SACRIFÍCIO E REDENÇÃO EM “A PAIXÃO DE CRISTO”.
Quando “A Paixão de Cristo” estreou nos EUA, ouvimos muito sobre o grau de violência da fita. No maior país católico do mundo, isso seria uma propaganda negativa. Ao estrear o filme em terras brasileiras, instaurou-se a mesma polêmica, levando porém milhares de pessoas às salas de cinema e perguntando-se: por quê tanta violência no filme?
O catolicismo exacerbado de Mel Gibson levou-o a uma visão muito particular sobre a questão do sacrifício enquanto caminho para a redenção. Em seu filme “Coração Valente”, o protagonista William Wallace, também vivido por Gibson, sofre uma violência similar, digna de Jesus. Wallace chega a ser esticado pelos braços por cordas, adotando a posição de um crucificado. Não é de estranhar, portanto, que Gibson tenha filmado as últimas horas de Jesus com tal intensidade. Sua obra anterior dava as pistas deste projeto.

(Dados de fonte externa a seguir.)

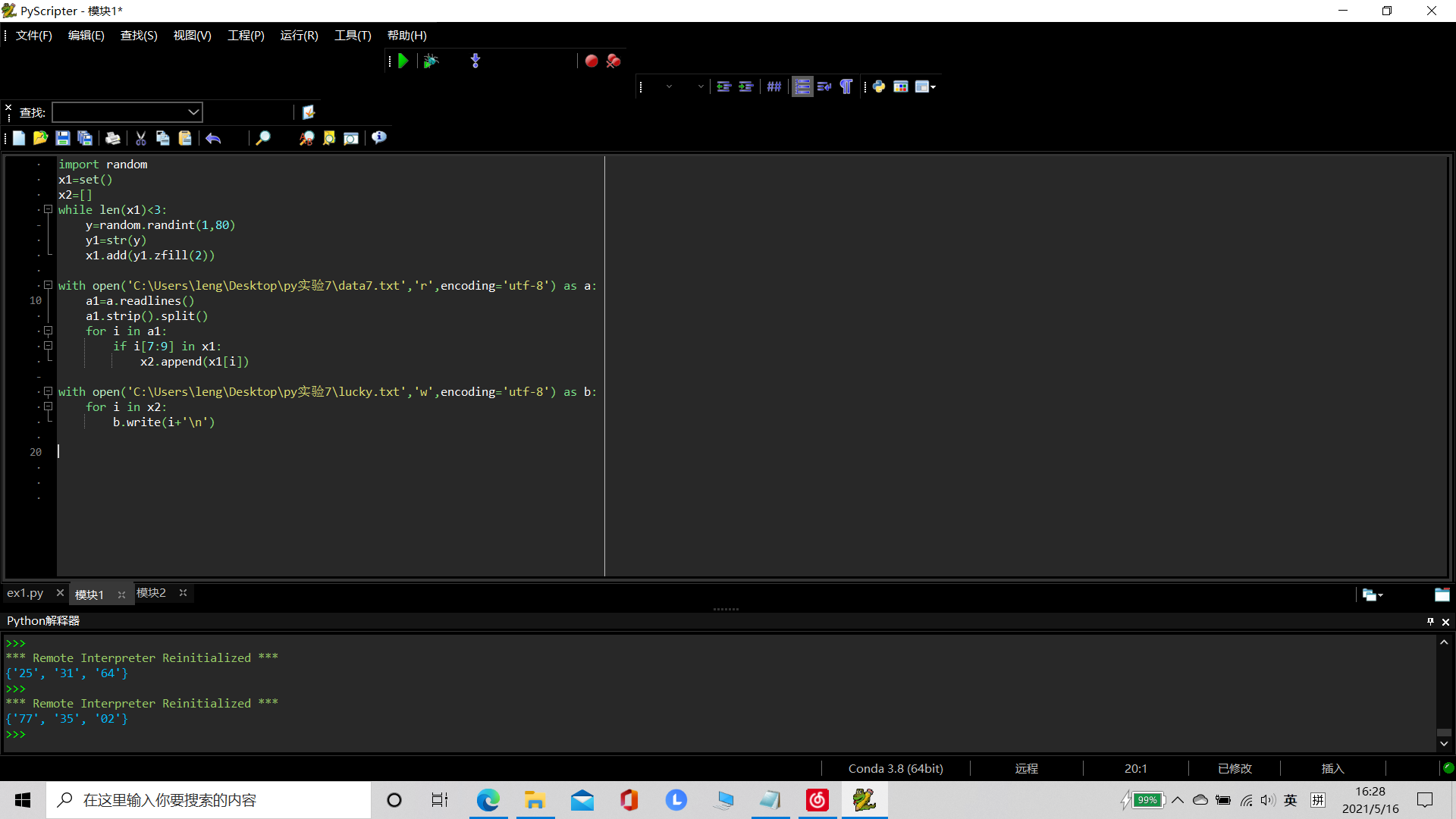 with open('C:\Users\leng\Desktop\py实验7\lucky.txt','w',encoding='utf-8') as b:

Passada a polêmica inicial, podemos pensar em tudo o que causou-a. Por menos religiosa que uma pessoa diga ser, a formação moral na maioria das famílias brasileiras passa pela educação cristã, seja católica ou protestante, em suas várias ramificações. A figura de Jesus está impregnada no imaginário coletivo. Por isso, discutiu-se muito sobre religião e muito pouco sobre as qualidades do filme em si. Ouviu-se muitas vezes a frase “Não vi e não gostei”. Um terapeuta ligado a cinema chegou a dizê-la, o que mostra a força de valores religiosos em um profissional que deveria, no mínimo, ter uma visão mais abrangente e imparcial sobre o tema.
O que nos leva a tal identificação extrema, seja ela positiva – “Vou conferir se a violência é tão grande assim” – ou negativa – a já citada “Não vi e não gostei”? Uma certa fixação pela crucificação aponta para um recalcado sentimento masoquista, onde o sofrimento alheio exerce um atrativo a quem assiste. Pouco falou-se em relação à sutil e belíssima cena final do filme, quando da ressurreição de Jesus; a celeuma girou toda em torno da violência e da morte do Cristo.
O conceito freudiano de pulsão de morte, representada aqui pela crença neste sacrifício que salva e redime, instaura-se, assim, na origem da formação de nosso psiquismo durante a apreensão dos primeiros valores morais e religiosos. Um ponto a ser discutido e revisto na educação infantil, cujas conseqüências não podemos medir.
Por: Eduardo S. de Carvalho.
A Paixão de Cristo (The Passion of the Christ). 2004. EUA. Direção e Roteiro: Mel Gibson. Elenco: James Caviezel, Maia Morgenstern, Monica Bellucci, Hristo Jivkov, Hristo Shopov, Rosalinda Celentano. Gênero: Drama. Duração: 126 minutos.